# TASK REQUIREMENTS:
Each line of the records below needs repeating exactly. Skip the pictures.

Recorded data
--- START ---

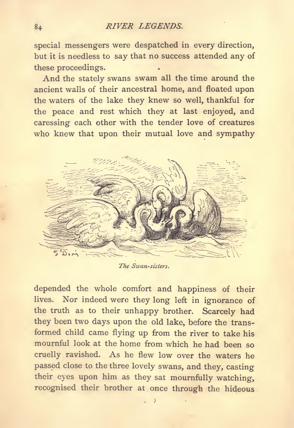 During the progress of these events, Brother Rhine, the state of mind and general feelings of the three witches may be better imagined than described. They wept, they howled, they tore what hair they had, they used language with which I will not sully my lips, and manifested every token of frantic rage and consternation. Charms and incantations they would have tried, but they knew well enough that they had no power whatever over things or beings in my sacred waters. The swans only laughed at their wild fury and strange gesticulations, and the old women remained upon the bank, perfectly helpless. Once more their plans against the owl and his mannikins had utterly failed; and they saw the destruction of the army which they had taken so much pains to raise, without the smallest power to avert the catastrophe which again dashed their fondest hopes to the ground.
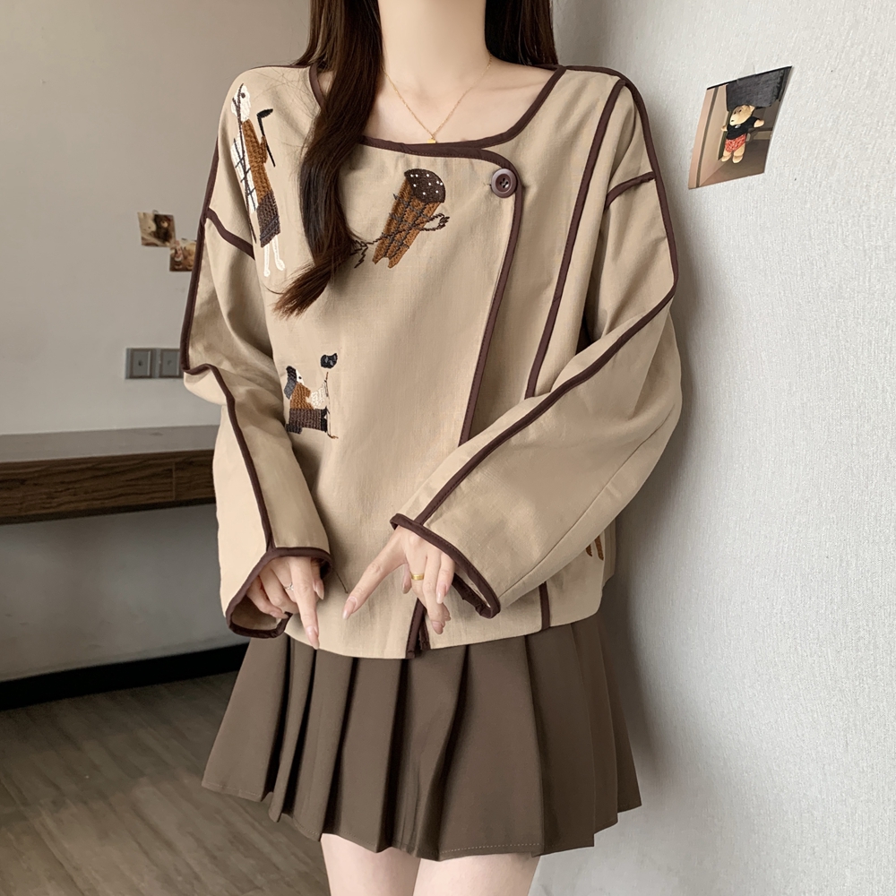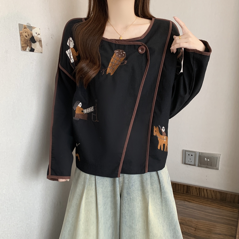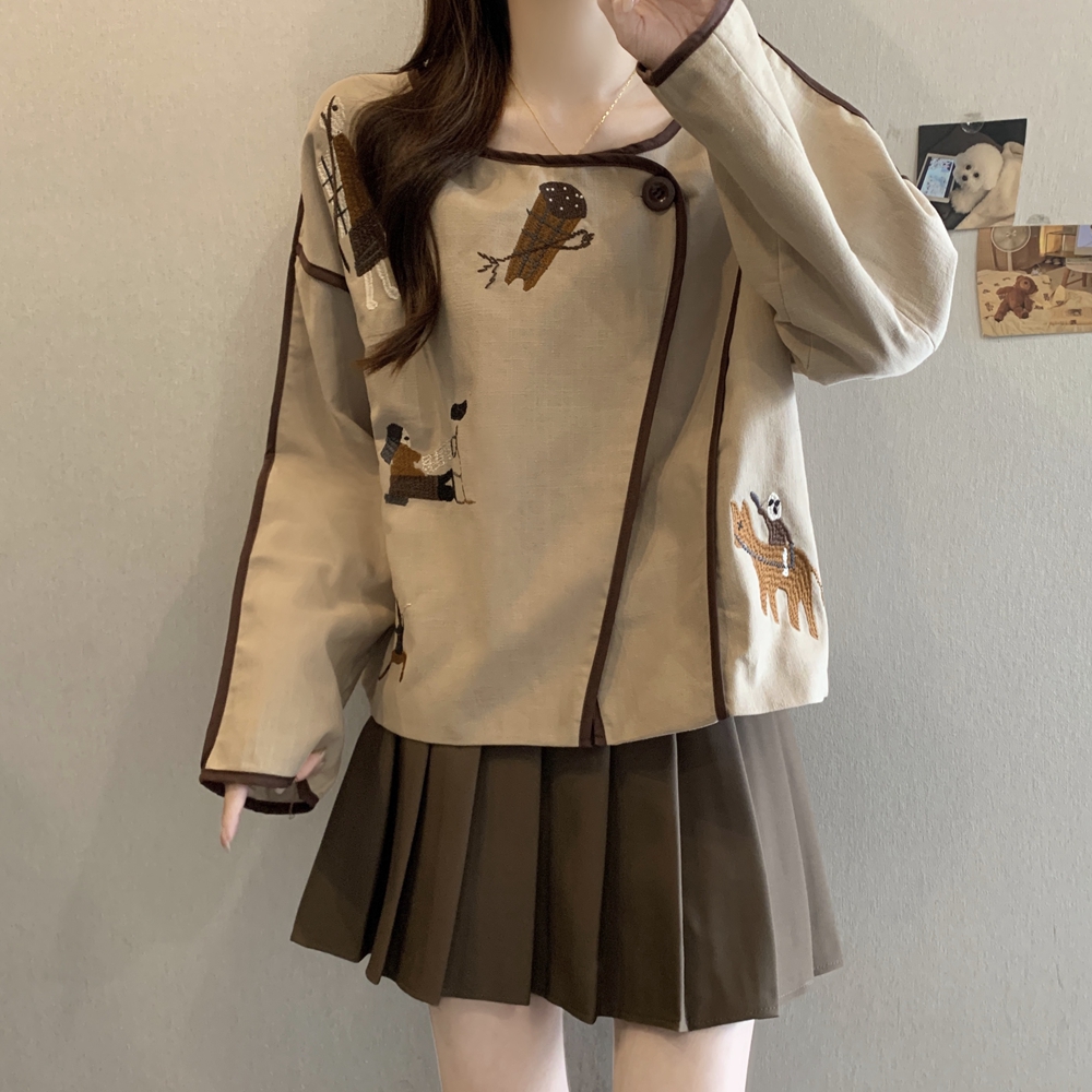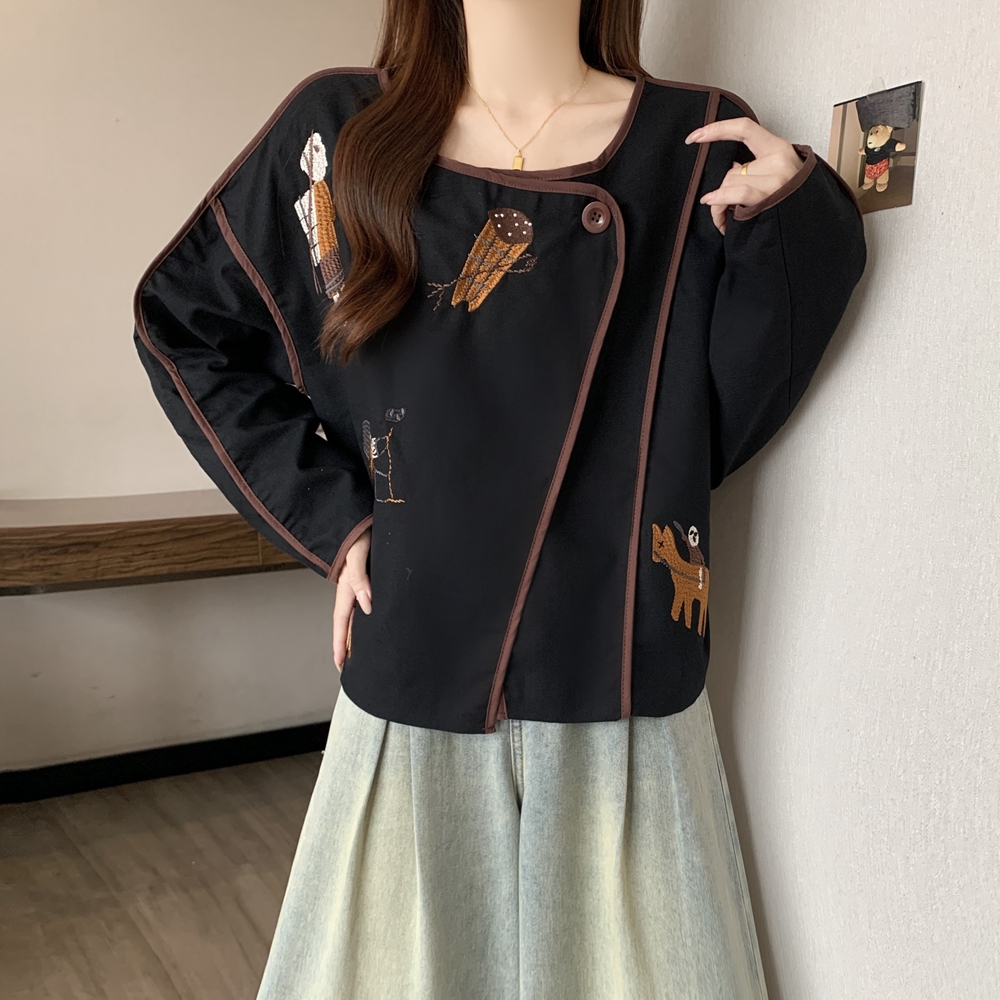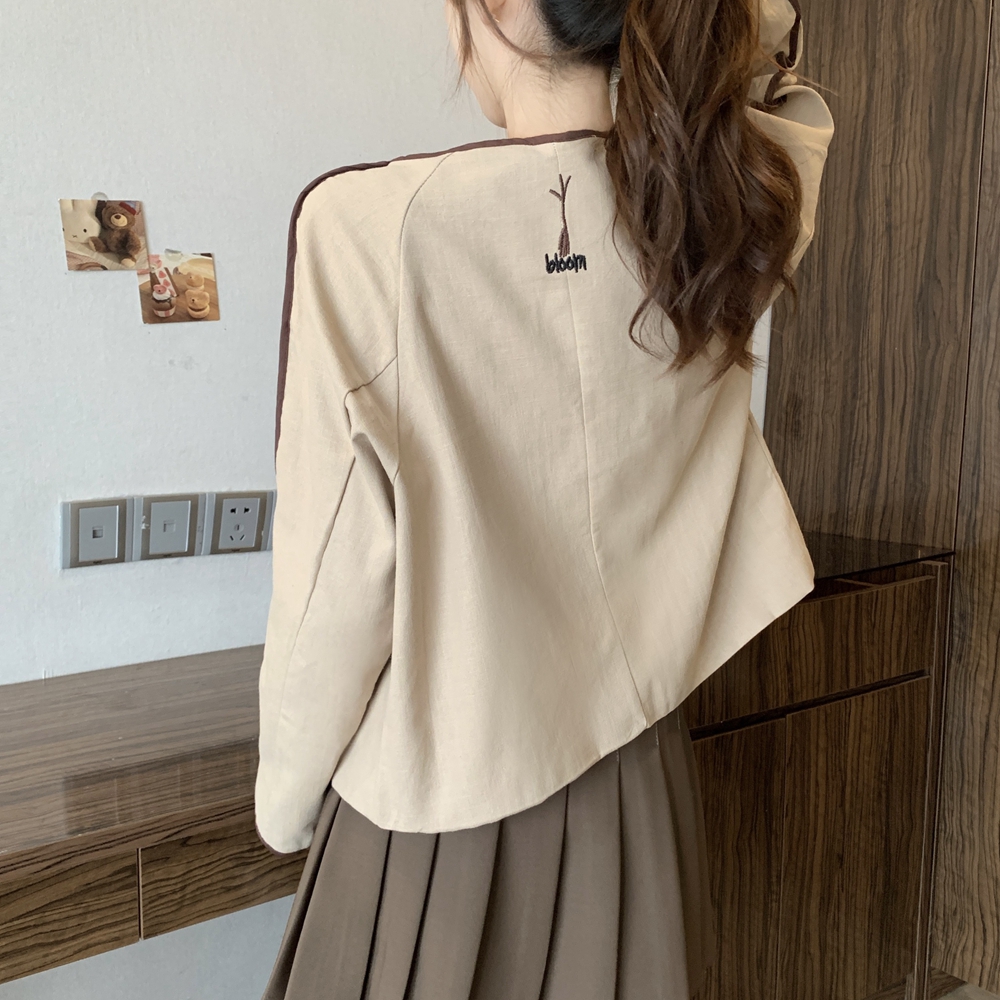 实拍秋装新款高端亚麻重工刺绣圆领短款外套宽松休闲夹克上衣
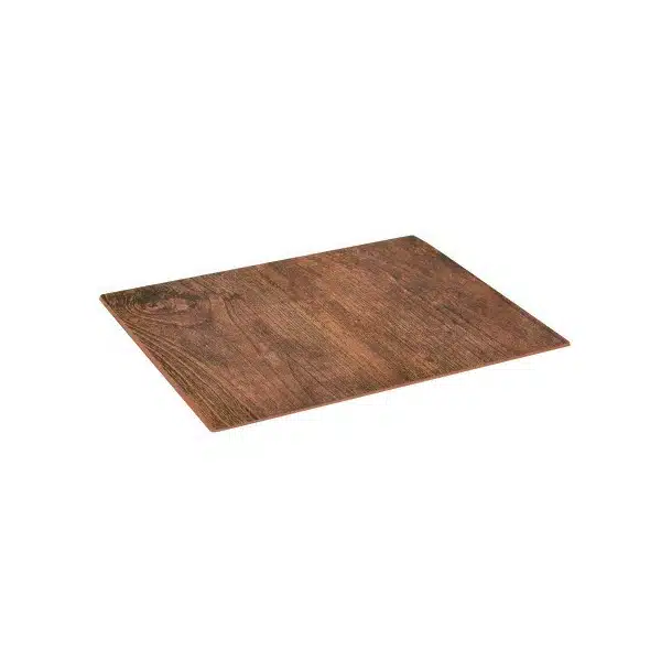 Plateau rectangulaire en melamine, imitation bois sur pieds silicone
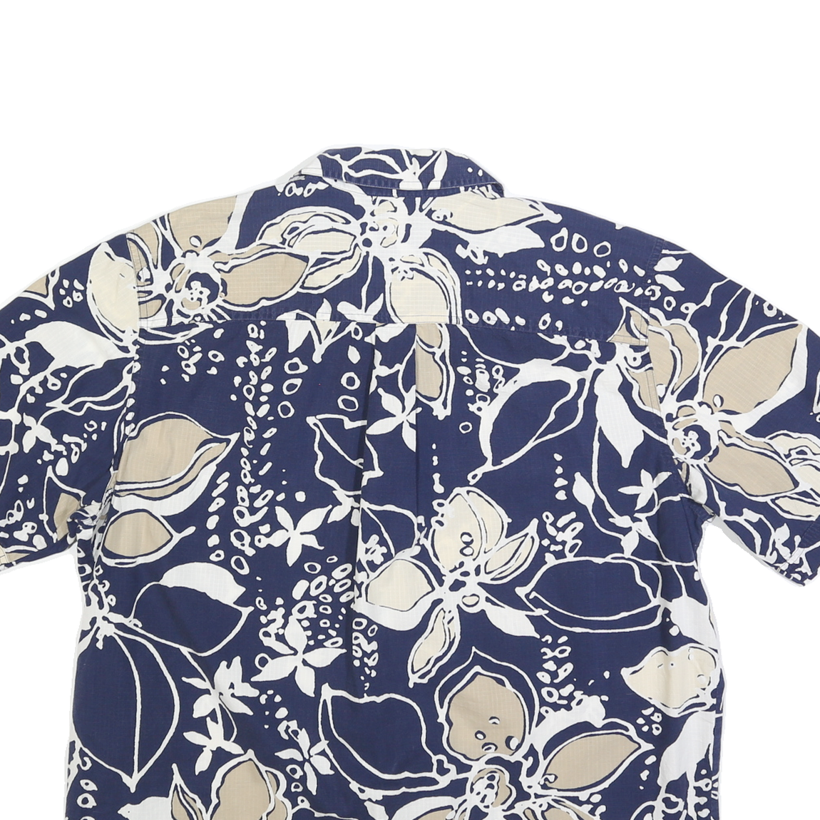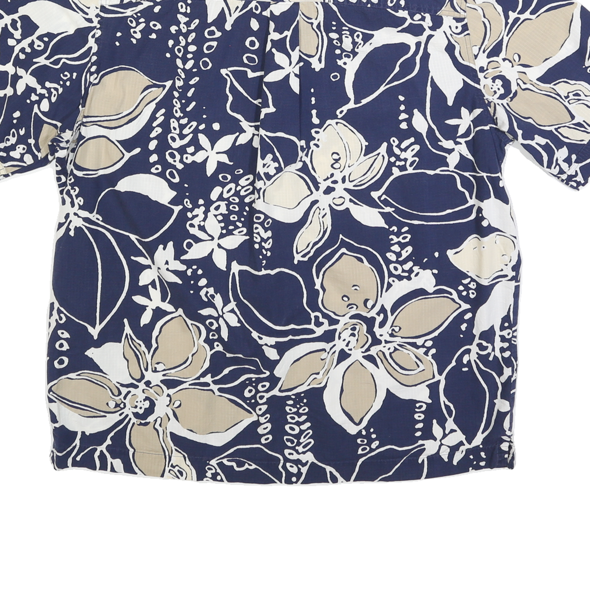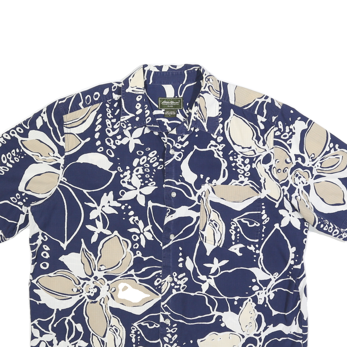 EDDIE BAUER Mens Blue & Beige Floral Print Shirt L Cotton Blend Casual Summer
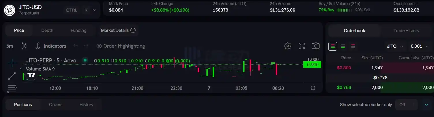 2. Aevo 上 JTO 期货价格暂报 0.884 美元,24 小时涨幅达 28.87%;
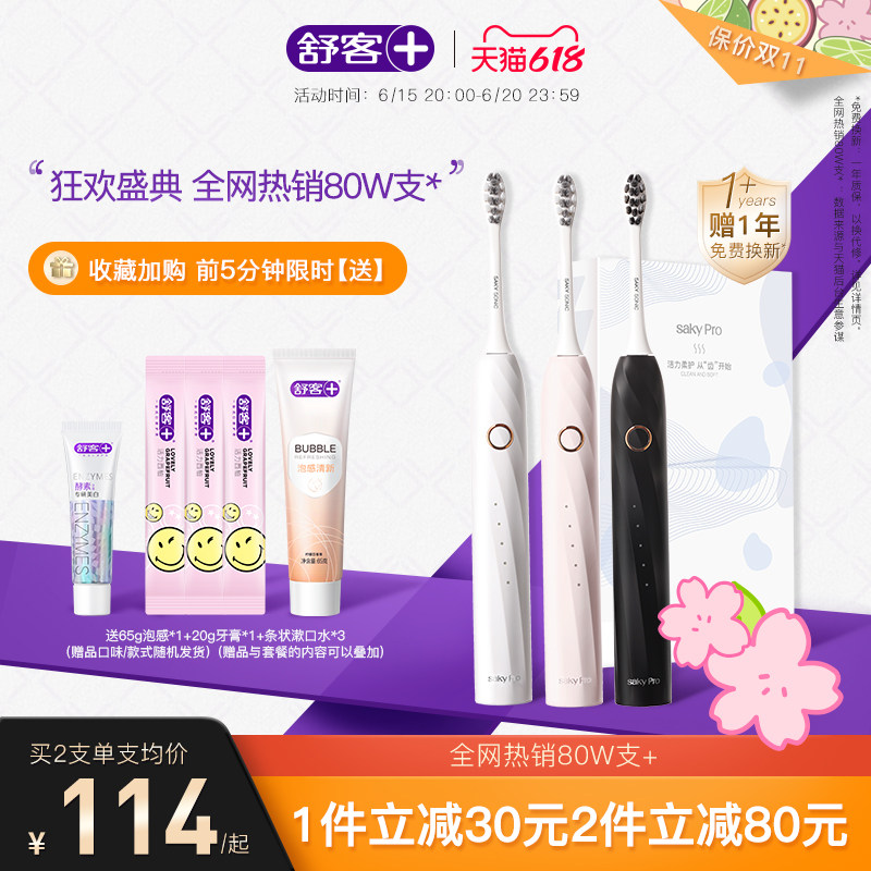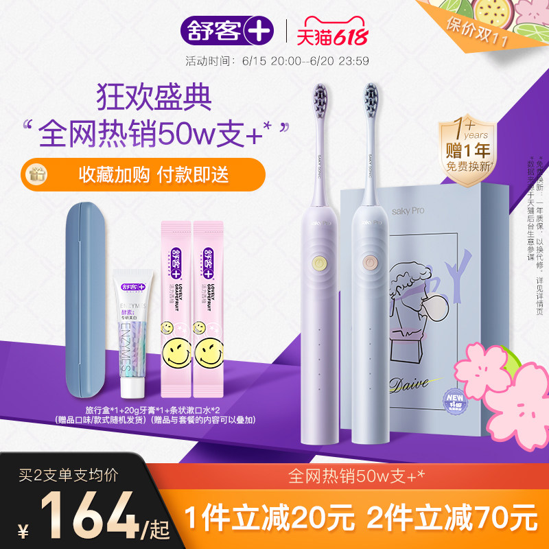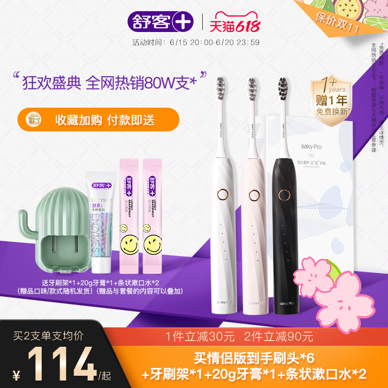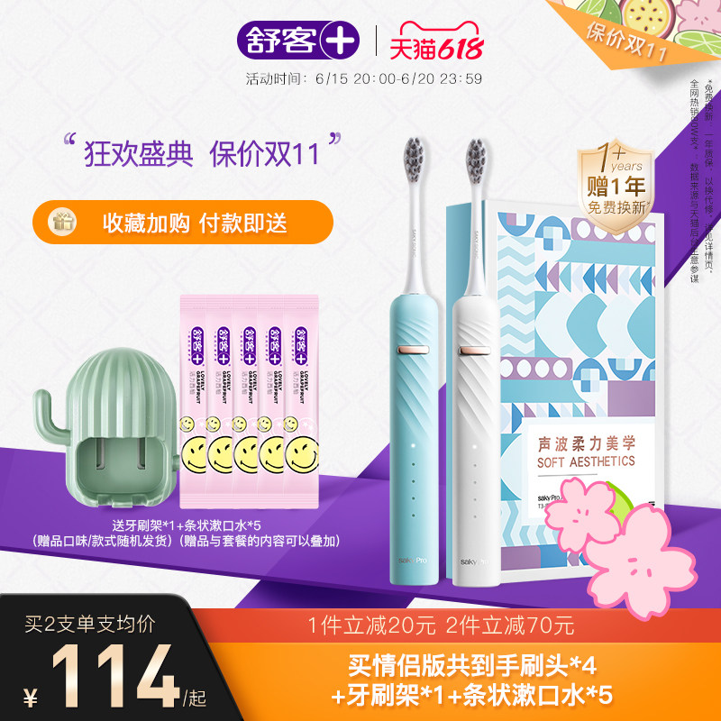 券 60元销量2000舒客电动牙刷声波成人男女情侣充电式自动学生党软毛刷套装T3
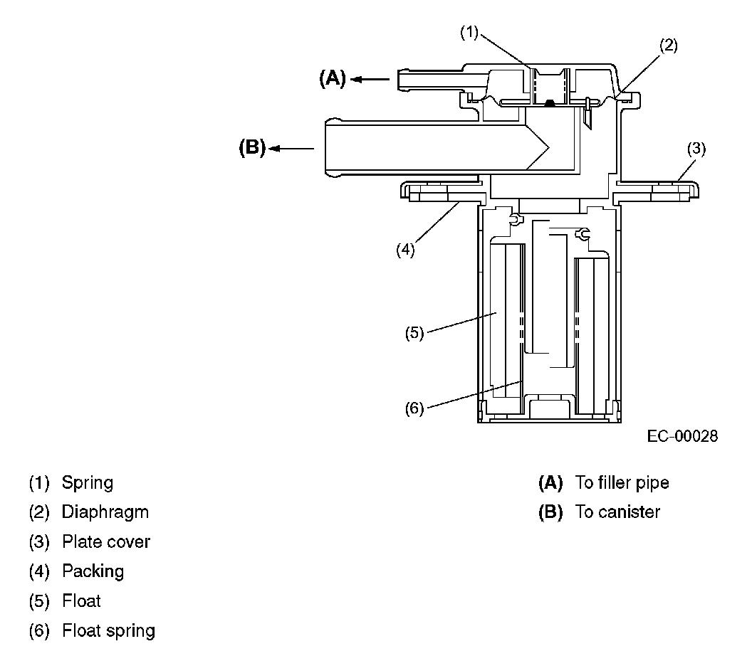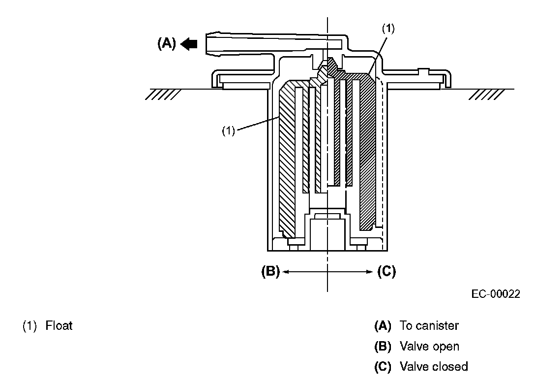 The fuel cut valve is built onto the evaporation pipe of the fuel tank. The rising level of the fuel in the fuel tank causes the float to move up and close the cap hole so that no fuel can enter the evaporation line.

--- END ---

# TASK RESPONSE:
 During the progress of these events, Brother Rhine, the state of mind and general feelings of the three witches may be better imagined than described. They wept, they howled, they tore what hair they had, they used language with which I will not sully my lips, and manifested every token of frantic rage and consternation. Charms and incantations they would have tried, but they knew well enough that they had no power whatever over things or beings in my sacred waters. The swans only laughed at their wild fury and strange gesticulations, and the old women remained upon the bank, perfectly helpless. Once more their plans against the owl and his mannikins had utterly failed; and they saw the destruction of the army which they had taken so much pains to raise, without the smallest power to avert the catastrophe which again dashed their fondest hopes to the ground.
 实拍秋装新款高端亚麻重工刺绣圆领短款外套宽松休闲夹克上衣
 Plateau rectangulaire en melamine, imitation bois sur pieds silicone
 EDDIE BAUER Mens Blue & Beige Floral Print Shirt L Cotton Blend Casual Summer
 2. Aevo 上 JTO 期货价格暂报 0.884 美元,24 小时涨幅达 28.87%;
 券 60元销量2000舒客电动牙刷声波成人男女情侣充电式自动学生党软毛刷套装T3
 The fuel cut valve is built onto the evaporation pipe of the fuel tank. The rising level of the fuel in the fuel tank causes the float to move up and close the cap hole so that no fuel can enter the evaporation line.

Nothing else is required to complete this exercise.